§ TASK INPUT:
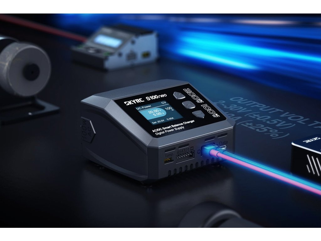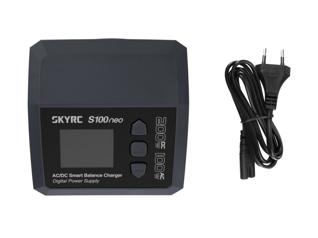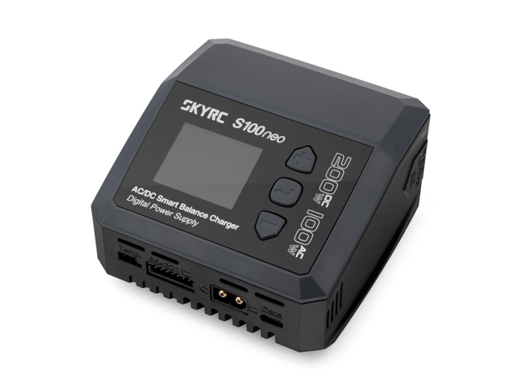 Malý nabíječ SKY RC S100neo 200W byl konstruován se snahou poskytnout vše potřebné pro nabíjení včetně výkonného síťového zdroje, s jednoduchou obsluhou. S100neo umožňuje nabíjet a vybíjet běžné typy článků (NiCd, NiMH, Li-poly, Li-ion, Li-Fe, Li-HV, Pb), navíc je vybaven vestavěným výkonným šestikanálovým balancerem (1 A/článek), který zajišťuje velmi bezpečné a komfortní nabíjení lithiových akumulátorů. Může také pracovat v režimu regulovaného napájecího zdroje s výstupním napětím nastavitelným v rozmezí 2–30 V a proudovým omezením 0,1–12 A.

* * *

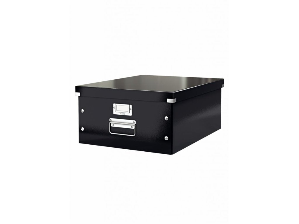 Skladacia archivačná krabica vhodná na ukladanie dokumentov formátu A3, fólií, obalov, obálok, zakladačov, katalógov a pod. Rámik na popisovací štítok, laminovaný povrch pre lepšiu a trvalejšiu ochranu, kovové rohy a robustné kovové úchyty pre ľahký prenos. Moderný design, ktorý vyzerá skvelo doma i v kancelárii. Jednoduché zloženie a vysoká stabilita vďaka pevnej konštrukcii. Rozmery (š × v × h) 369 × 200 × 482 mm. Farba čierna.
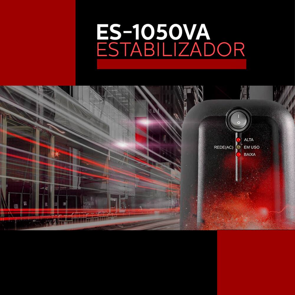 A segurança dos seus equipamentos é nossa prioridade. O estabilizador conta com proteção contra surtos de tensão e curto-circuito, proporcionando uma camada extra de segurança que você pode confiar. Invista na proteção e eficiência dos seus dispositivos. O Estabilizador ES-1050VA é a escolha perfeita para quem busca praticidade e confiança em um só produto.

§ ASSIGNED TASK:
Print, word for word, the lines above that run from the line containing "Skladacia archivačná krabica" to the line containing "A segurança dos", both included. Keep the pictures out.

§ EXERCISE ANSWER:
 Skladacia archivačná krabica vhodná na ukladanie dokumentov formátu A3, fólií, obalov, obálok, zakladačov, katalógov a pod. Rámik na popisovací štítok, laminovaný povrch pre lepšiu a trvalejšiu ochranu, kovové rohy a robustné kovové úchyty pre ľahký prenos. Moderný design, ktorý vyzerá skvelo doma i v kancelárii. Jednoduché zloženie a vysoká stabilita vďaka pevnej konštrukcii. Rozmery (š × v × h) 369 × 200 × 482 mm. Farba čierna.
 A segurança dos seus equipamentos é nossa prioridade. O estabilizador conta com proteção contra surtos de tensão e curto-circuito, proporcionando uma camada extra de segurança que você pode confiar. Invista na proteção e eficiência dos seus dispositivos. O Estabilizador ES-1050VA é a escolha perfeita para quem busca praticidade e confiança em um só produto.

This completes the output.